The Political Economy of the Legal Infrastructure Underpinning the EU Finances
The Financial Regulation of the European Union
See the project original page on the Rebuilding Macroeconomics website: https://www.rebuildingmacroeconomics.ac.uk/academia-policy-pipeline
This doctoral research project studies the politics of the legal infrastructure underpinning the European Union’s Public Finance, the Financial Regulation of the EU. The doctoral project seeks to address two research questions: (i) How can the Financial Regulation create effects on EU public finances? (ii) What are the effects of the Financial Regulation on the integration EU Public Finances since 2012?

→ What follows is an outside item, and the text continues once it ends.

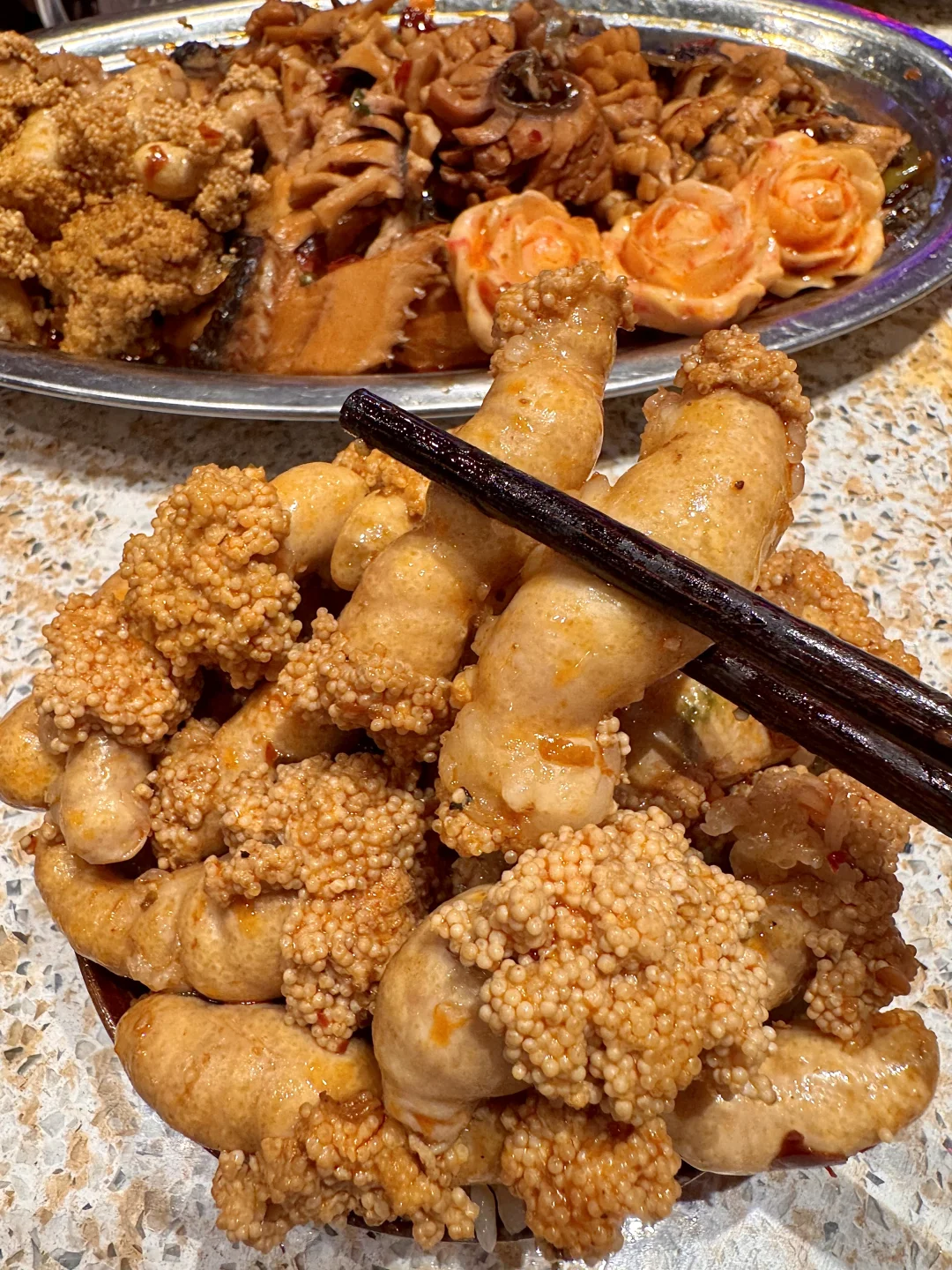 这家📍李莫颠)主打鱼蛙火锅,饭点座无虚席……强推这个贡椒仔姜红油锅 热油上桌现泼滋滋作响 越煮越香没有苦味!!鱼籽鱼泡馋到口水直流🤤鱼泡爽脆有嚼劲,鱼肉切过花刀后更入味!空口吃或者蘸酱都是极品!!

By treating the Financial Regulation of the EU as a toolbox-of-policy-instruments, it aims to understand how implementation provisions come to condition policies which they were supposed to put into motion. The research project will:
- describe the Financial Regulation’s function in policy instrument terms;
- propose a systematization of the ways the Financial Regulation is instrumentalized by policymakers;
- discuss the effects on policy, for example regarding core state powers or governing-through-funding;
- study the effects on inter-institutional balance.
The research wishes to contribute to the debates over EU integration in the realm of public finances, inter-institutional bargaining, and the marketization of public sector budgeting. This research is built principally on semi-structured expert interviews analysed through qualitative thematic analysis.